Prompt: Transcribe the listing underneath, keeping each word exact and omitting the images.

=== Data records ===

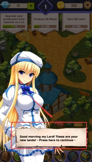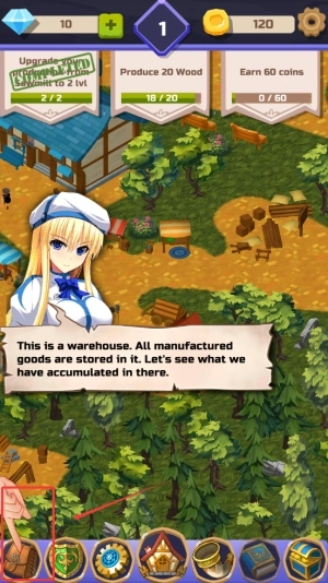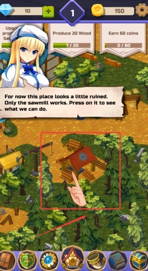 1、进入游戏后,首先要做的就是跟着剧情提示修复小镇的基础建筑,慢慢解锁更多功能区域,同时在这个过程里认识拥有不同能力的萌娘角色。
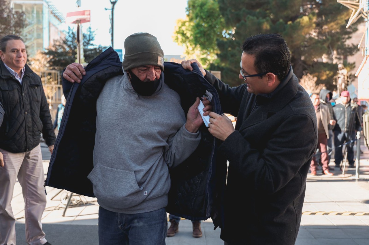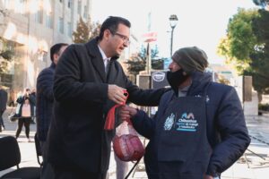 Con motivo de la Navidad, el alcalde Marco Bonilla hizo entrega la mañana de este miércoles 14 de diciembre, de piernas de cerdo para la cena de noche buena, chamarras y mandiles a los 65 boleros que diariamente lustran el calzado a los visitantes del Centro Histórico.
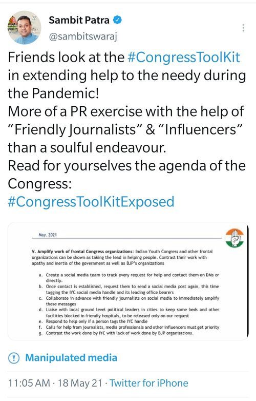 Twitter had been asked to clarify why BJP spokesperson Sambit Patra’s tweet on May 18, which had screenshots of what he called a “Congress toolkit” aimed at discrediting Prime Minister Narendra Modi and the government’s handling of Covid, were flagged “manipulated media”.
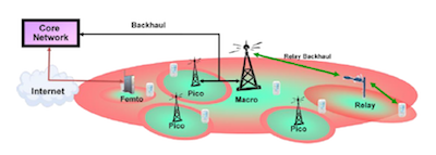 Az ábra egy vegyes hálózatot mutat, amely femtocellát (zárt előfizetői csoport), pikocellát (nyílt előfizetői csoport) és átjátszóállomást tartalmaz:
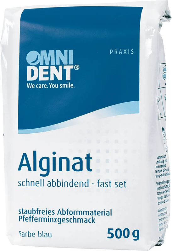 Für präzise Abformungen mit hohem Anwendungskomfort: Das schnellabbindende Alginat in Blau von OMNIDENT überzeugt durch seine cremige Konsistenz, staubfreie Verarbeitung und seinem angenehmen Pfefferminzgeschmack. Ideal für die effiziente Abformungen im Praxisalltag.
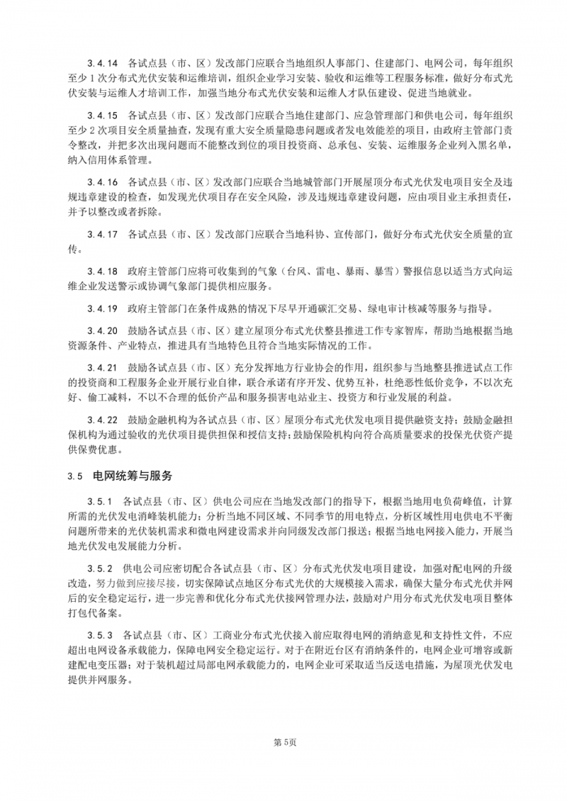 各試點(diǎn)縣(市、區(qū))應(yīng)成立整縣推進(jìn)試點(diǎn)工作專班,在屋頂資源管理、項(xiàng)目招標(biāo)、項(xiàng)目融資和并網(wǎng)、電費(fèi)結(jié)算等方面加強(qiáng)統(tǒng)籌協(xié)調(diào),并加強(qiáng)事中事后監(jiān)管。

===

Result below:
 1、进入游戏后,首先要做的就是跟着剧情提示修复小镇的基础建筑,慢慢解锁更多功能区域,同时在这个过程里认识拥有不同能力的萌娘角色。
 Con motivo de la Navidad, el alcalde Marco Bonilla hizo entrega la mañana de este miércoles 14 de diciembre, de piernas de cerdo para la cena de noche buena, chamarras y mandiles a los 65 boleros que diariamente lustran el calzado a los visitantes del Centro Histórico.
 Twitter had been asked to clarify why BJP spokesperson Sambit Patra’s tweet on May 18, which had screenshots of what he called a “Congress toolkit” aimed at discrediting Prime Minister Narendra Modi and the government’s handling of Covid, were flagged “manipulated media”.
 Az ábra egy vegyes hálózatot mutat, amely femtocellát (zárt előfizetői csoport), pikocellát (nyílt előfizetői csoport) és átjátszóállomást tartalmaz:
 Für präzise Abformungen mit hohem Anwendungskomfort: Das schnellabbindende Alginat in Blau von OMNIDENT überzeugt durch seine cremige Konsistenz, staubfreie Verarbeitung und seinem angenehmen Pfefferminzgeschmack. Ideal für die effiziente Abformungen im Praxisalltag.
 各試點(diǎn)縣(市、區(qū))應(yīng)成立整縣推進(jìn)試點(diǎn)工作專班,在屋頂資源管理、項(xiàng)目招標(biāo)、項(xiàng)目融資和并網(wǎng)、電費(fèi)結(jié)算等方面加強(qiáng)統(tǒng)籌協(xié)調(diào),并加強(qiáng)事中事后監(jiān)管。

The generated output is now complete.